GPT is a highly advanced language model developed by OpenAI, but some other similar models and companies offer similar capabilities. Here are a few of its competitors – 

  1. BERT by Google – Bidirectional Encoder Representations from Transformers (BERT) is a pre-trained language model developed by Google
  2. XLNet by Carnegie Mellon University – XLNet is a pre-trained language model developed by Carnegie Mellon University that uses a permutation-based training process.
  3. RoBERTa by Facebook AI – RoBERTa is a pre-trained language model developed by Facebook AI that was created to address some of the limitations of BERT.
  4. ALBERT by Google – ALBERT (A Lite BERT) is a pre-trained language model developed by Google that uses a lighter model architecture for improved performance.

These are some of the major competitors to ChatGPT in the field of NLP and pre-trained language models. Each of these models has its strengths and weaknesses, and the best choice will depend on the specific use case and requirements.
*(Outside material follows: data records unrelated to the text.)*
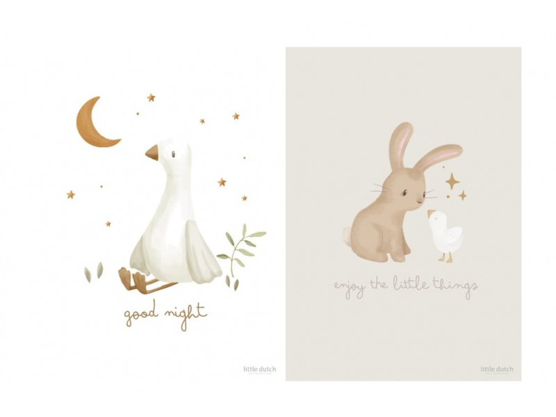 Oboustranný plakát s krásnými ilustracemi se stane originální dekorací dětského pokoje. Oboustranné provedení umožňuje snadnou výměnu obrázku pouhým otočením. Plakát je vyroben z kvalitního silného papíru. Plakát je součástí designové kolekce hraček, textilu a doplňků Little Dutch Newborn Naturals. Pro snadné zavěšení plakát zkombinujte se samostatně prodávaným Little Dutch dřevěným věšákem na plakáty A3. Rozměry: 42 x 32 cm
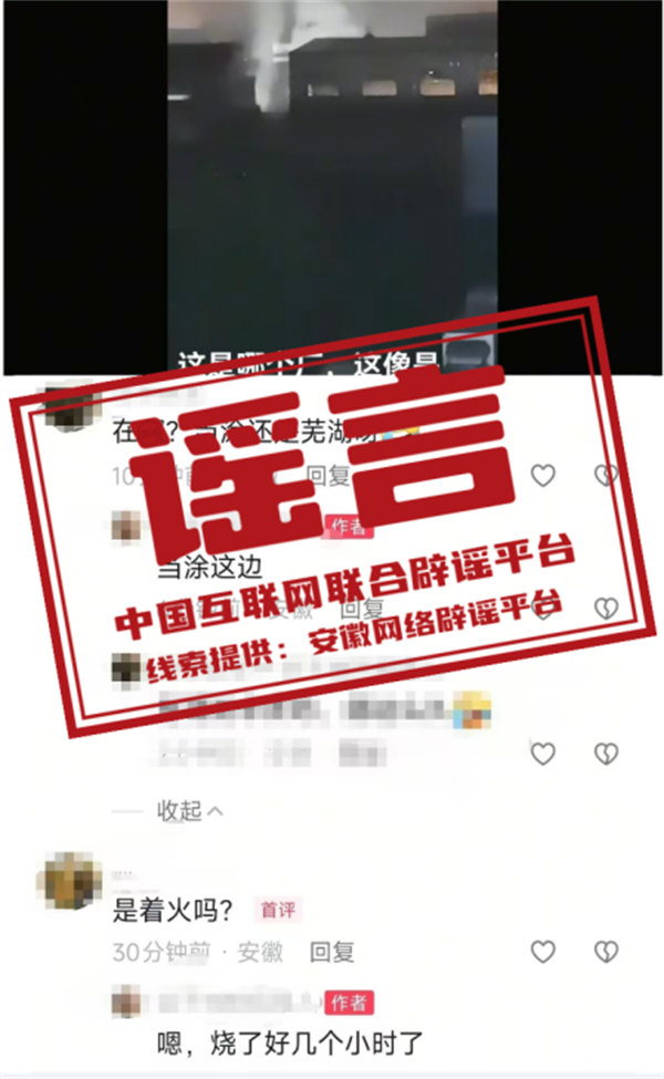 真相:近日,一網民在短視頻平臺發(fā)布視頻配文“這是哪個廠,好像是著火啦”,并在評論區(qū)稱“工廠在當涂、燒了好幾個小時”等。經安徽省馬鞍山市當涂經濟開發(fā)區(qū)應急管理局和消防救援中心核實,當涂經濟開發(fā)區(qū)境內沒有發(fā)生火情火災,該視頻為虛假信息。(來源:“安徽省互聯網違法和不良信息舉報”微信公眾號)
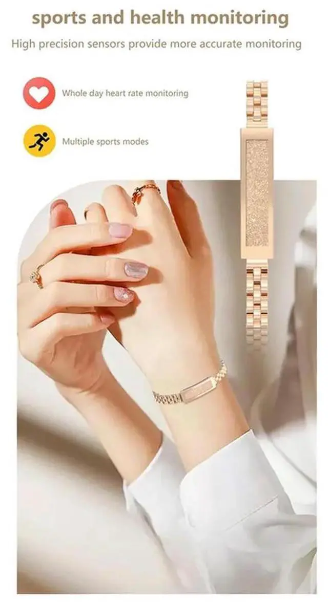 Heart Rate Monitor Hand Bracelet Gold Zinc Alloy For Women Bluetooth Connected APP Birthday Gift
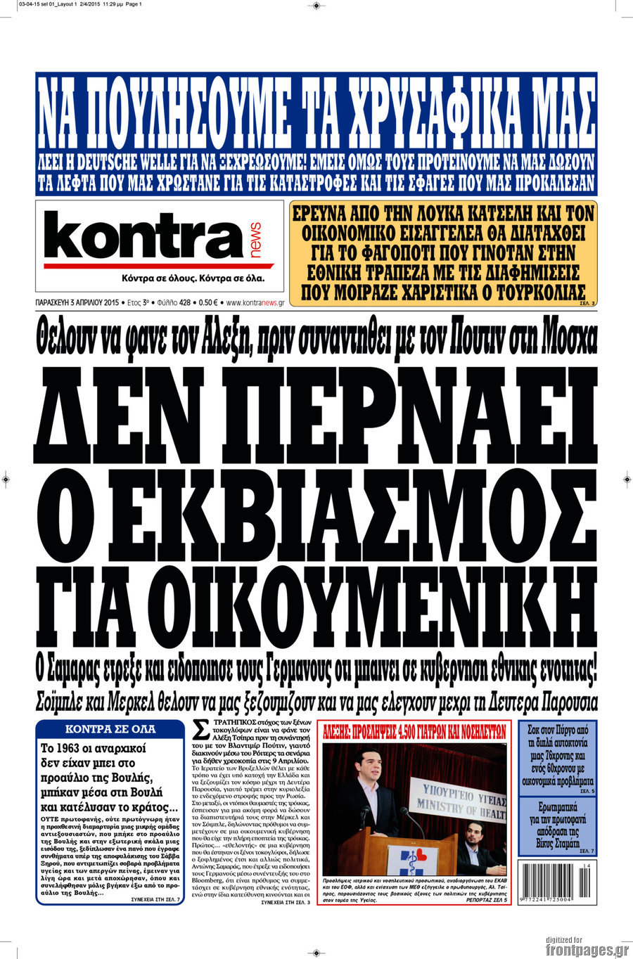 Το πρωτοσέλιδο της ημέρας 3/4/2015

ChatGPT and Search Engines

While ChatGPT helps generate texts, paragraphs, letters, emails, articles and essays, one of the major implementations of ChatGPT in the future could be in search engines. People usually search with questions on search engines expecting some quicker straightforward answers, however, the capability of search engines is limited to providing links to the articles. Google has done a fantastic job at generating questions related to key search terms and providing excerpts from various articles which is often useful. However, ChatGPT can take this a step forward with direct answers and also responses that feel more like an interaction. But then, calling it a ‘Google killer’ doesn’t seem plausible. It is unlikely that ChatGPT will completely replace search engines in the future. While it is capable of generating human-like responses to questions, search engines like Google have a broader range of capabilities and use complex algorithms to provide relevant and accurate results. ChatGPT is designed to generate text-based responses, while search engines are designed to retrieve relevant information from the internet. While ChatGPT can provide answers to questions, search engines provide a wider range of information and resources. Google has a strong hold on the search engine market and is constantly updating its algorithms to improve results. Search engines will use language models like ChatGPT to enhance search results, however, currently, it doesn’t seem like it will replace search engines entirely. 
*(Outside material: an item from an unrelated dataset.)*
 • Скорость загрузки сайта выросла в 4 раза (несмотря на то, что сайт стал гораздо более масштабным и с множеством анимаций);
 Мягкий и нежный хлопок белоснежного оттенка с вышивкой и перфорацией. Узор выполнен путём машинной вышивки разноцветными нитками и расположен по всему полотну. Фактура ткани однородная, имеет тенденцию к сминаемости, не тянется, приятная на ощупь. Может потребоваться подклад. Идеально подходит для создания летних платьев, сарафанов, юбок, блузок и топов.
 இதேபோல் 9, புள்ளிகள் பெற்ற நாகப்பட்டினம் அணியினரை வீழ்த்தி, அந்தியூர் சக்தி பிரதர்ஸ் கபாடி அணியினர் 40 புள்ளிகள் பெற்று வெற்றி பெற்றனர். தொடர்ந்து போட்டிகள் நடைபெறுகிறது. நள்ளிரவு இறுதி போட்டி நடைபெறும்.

How should ChatGPT be used?

While ChatGPT is a powerful tool for generating human-like responses, it is important to understand its limitations and use it with caution. ChatGPT recreates human language by using data from the internet. However, the online data is not necessarily factual. People are often mean, wrong or even sarcastic, things that artificial intelligence may not be capable of detecting. Therefore, such chatbots should be used as a tool to answer questions, or for brainstorming captions, strategies or lists. It is important to cross-check the data. As generative AI is gaining traction, it is predicted that a new category of professionals called the ‘prompt engineers’ would replace the traditional programmers. Just the way we use search engines today, prompting generative AI will become part of our jobs in the future. However, the current version of the technology is far underdeveloped from the expectations around it. An email or text composed by ChatGPT cannot be distinguished from one composed by a human, however, the human ability to put tough sentiments into flawless sentences cannot be replaced. We cannot make blanket statements about when it is okay to use AI to compose personal messages, however, for people who struggle with written or spoken communication, ChatGPT can be a life-changing tool. As we increase our use of regenerative chatbots, it is important to ask ourselves, are we enhancing our communication, or deceiving and shortchanging?